*WHAT YOU NEED TO DO:*
Every line of the listing below from the one with "Efficacy Against Ticks 7" up to and including the one with "President AJAY PRAKASH" should be retyped exactly, and nothing else; pictures are not part of the copy.

*ENTRIES SUPPLIED:*
BEGIN
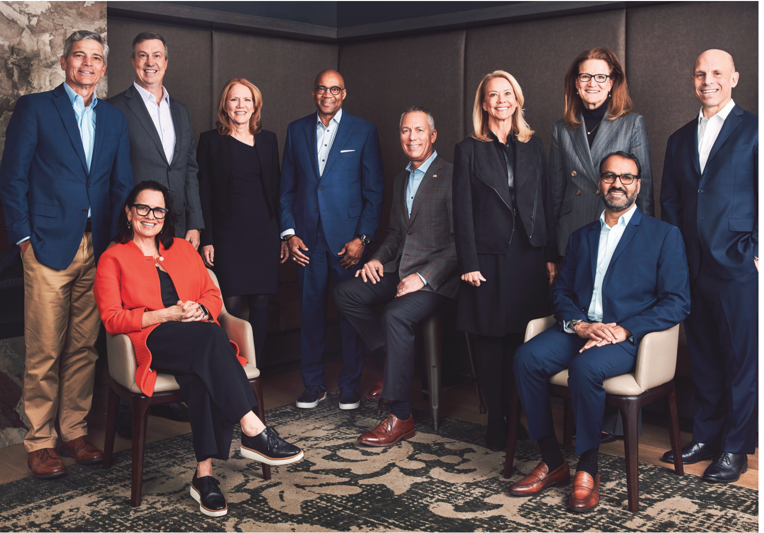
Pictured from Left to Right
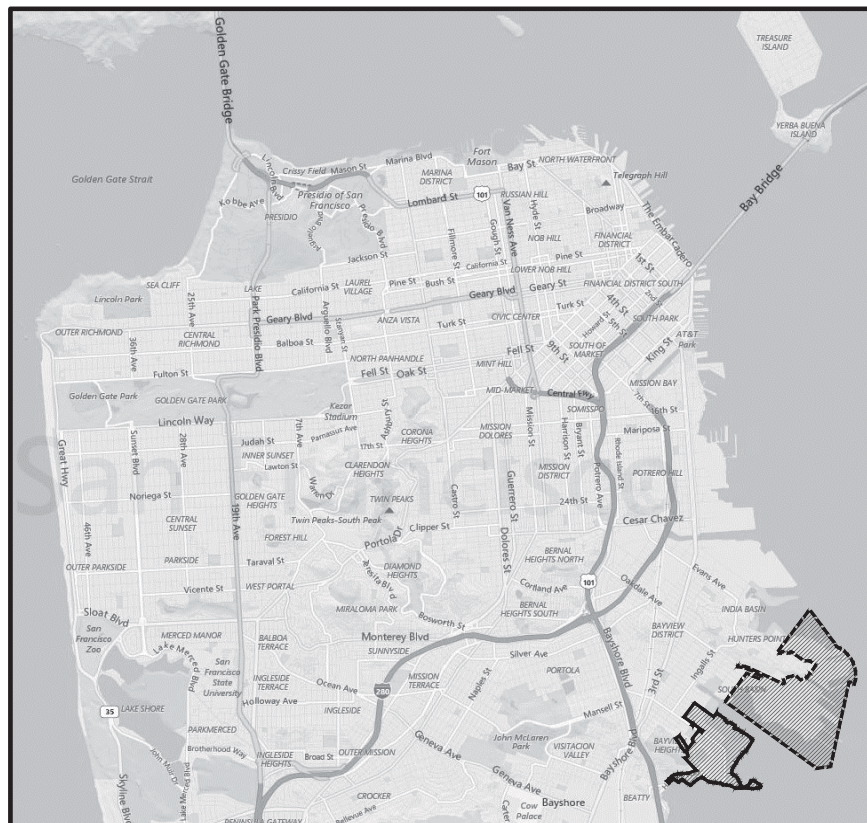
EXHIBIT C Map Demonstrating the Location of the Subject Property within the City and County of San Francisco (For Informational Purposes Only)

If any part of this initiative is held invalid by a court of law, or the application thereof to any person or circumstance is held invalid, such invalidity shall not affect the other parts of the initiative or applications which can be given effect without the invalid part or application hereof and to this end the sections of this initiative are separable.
END
BEGIN
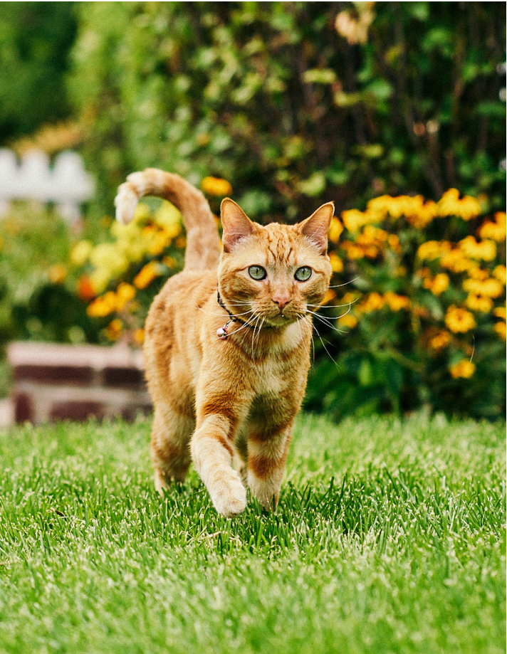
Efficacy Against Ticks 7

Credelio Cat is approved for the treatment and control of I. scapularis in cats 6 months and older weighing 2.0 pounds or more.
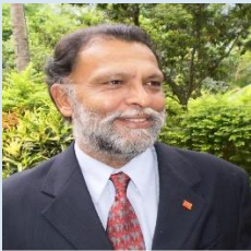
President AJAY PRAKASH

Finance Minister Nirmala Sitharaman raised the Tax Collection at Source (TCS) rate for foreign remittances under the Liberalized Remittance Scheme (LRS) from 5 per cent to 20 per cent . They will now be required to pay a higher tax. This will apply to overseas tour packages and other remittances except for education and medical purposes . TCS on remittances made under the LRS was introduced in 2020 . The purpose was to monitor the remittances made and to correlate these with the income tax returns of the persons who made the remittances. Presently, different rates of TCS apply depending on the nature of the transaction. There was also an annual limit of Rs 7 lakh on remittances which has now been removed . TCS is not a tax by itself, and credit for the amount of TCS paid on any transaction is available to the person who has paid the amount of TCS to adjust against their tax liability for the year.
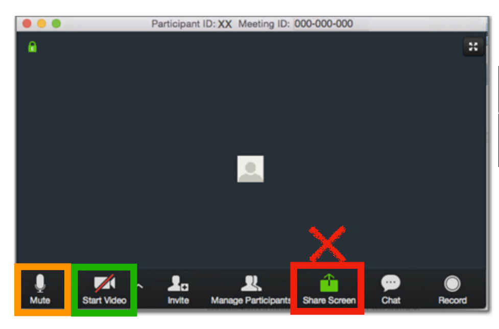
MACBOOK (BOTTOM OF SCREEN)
END
*YOUR SOLUTION:*
Efficacy Against Ticks 7

Credelio Cat is approved for the treatment and control of I. scapularis in cats 6 months and older weighing 2.0 pounds or more.
President AJAY PRAKASH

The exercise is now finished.